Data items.

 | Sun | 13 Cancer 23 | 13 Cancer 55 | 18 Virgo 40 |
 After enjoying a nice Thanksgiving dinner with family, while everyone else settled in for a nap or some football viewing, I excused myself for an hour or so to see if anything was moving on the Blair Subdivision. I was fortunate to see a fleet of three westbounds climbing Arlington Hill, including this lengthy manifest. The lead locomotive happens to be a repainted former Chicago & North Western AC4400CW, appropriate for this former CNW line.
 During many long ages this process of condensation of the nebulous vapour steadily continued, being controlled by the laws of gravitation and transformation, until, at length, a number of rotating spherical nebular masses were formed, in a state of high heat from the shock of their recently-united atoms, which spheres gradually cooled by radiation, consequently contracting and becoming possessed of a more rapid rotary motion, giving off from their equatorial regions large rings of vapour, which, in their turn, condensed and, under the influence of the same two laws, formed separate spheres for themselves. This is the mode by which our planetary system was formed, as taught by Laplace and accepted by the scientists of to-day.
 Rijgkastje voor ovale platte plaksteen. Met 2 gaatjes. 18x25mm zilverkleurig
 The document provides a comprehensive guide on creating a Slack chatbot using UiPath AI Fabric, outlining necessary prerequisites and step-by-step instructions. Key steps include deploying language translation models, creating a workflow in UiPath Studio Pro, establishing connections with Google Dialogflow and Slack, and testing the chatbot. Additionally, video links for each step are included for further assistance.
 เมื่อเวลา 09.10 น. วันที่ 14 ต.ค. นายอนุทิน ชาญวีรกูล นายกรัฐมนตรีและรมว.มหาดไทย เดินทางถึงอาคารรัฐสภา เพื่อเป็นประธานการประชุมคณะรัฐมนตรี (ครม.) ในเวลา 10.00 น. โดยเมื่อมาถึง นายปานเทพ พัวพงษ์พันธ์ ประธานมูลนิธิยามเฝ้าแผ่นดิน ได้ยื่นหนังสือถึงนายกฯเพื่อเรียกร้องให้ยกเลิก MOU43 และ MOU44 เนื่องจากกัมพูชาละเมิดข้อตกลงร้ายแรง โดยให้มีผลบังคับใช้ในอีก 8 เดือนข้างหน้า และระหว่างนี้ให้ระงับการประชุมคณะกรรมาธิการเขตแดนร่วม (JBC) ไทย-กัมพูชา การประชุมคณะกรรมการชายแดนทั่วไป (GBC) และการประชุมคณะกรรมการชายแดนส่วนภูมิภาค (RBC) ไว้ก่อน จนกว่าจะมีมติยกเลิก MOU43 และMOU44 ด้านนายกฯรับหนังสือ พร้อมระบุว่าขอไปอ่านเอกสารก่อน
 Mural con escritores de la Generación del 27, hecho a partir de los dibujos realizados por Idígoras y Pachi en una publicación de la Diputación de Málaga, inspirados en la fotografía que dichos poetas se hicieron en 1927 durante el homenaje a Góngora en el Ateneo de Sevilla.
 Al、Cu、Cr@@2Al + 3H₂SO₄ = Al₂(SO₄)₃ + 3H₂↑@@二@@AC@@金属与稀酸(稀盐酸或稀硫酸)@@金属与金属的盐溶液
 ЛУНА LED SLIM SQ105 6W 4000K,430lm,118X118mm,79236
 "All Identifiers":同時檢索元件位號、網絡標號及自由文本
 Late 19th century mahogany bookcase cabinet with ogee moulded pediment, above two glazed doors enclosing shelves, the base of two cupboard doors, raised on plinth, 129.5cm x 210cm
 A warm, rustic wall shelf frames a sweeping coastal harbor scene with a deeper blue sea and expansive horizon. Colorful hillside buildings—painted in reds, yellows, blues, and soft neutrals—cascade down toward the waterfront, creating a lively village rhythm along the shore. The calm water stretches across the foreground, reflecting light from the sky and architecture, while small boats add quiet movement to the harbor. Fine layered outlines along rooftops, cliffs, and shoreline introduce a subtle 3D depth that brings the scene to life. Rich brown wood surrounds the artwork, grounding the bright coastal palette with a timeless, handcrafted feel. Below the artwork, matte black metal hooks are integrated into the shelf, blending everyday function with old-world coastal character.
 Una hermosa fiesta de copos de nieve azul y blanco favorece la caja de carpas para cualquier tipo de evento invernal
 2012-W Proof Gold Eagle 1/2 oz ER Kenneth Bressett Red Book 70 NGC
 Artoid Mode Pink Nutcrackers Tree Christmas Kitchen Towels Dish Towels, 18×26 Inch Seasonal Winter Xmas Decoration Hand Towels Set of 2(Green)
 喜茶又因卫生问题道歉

ASSIGNMENT. Exactly the lines from the start of the entries through the one bearing "After enjoying a" are to be output, with both ends included.

EXERCISE OUTPUT.
 | Sun | 13 Cancer 23 | 13 Cancer 55 | 18 Virgo 40 |
 After enjoying a nice Thanksgiving dinner with family, while everyone else settled in for a nap or some football viewing, I excused myself for an hour or so to see if anything was moving on the Blair Subdivision. I was fortunate to see a fleet of three westbounds climbing Arlington Hill, including this lengthy manifest. The lead locomotive happens to be a repainted former Chicago & North Western AC4400CW, appropriate for this former CNW line.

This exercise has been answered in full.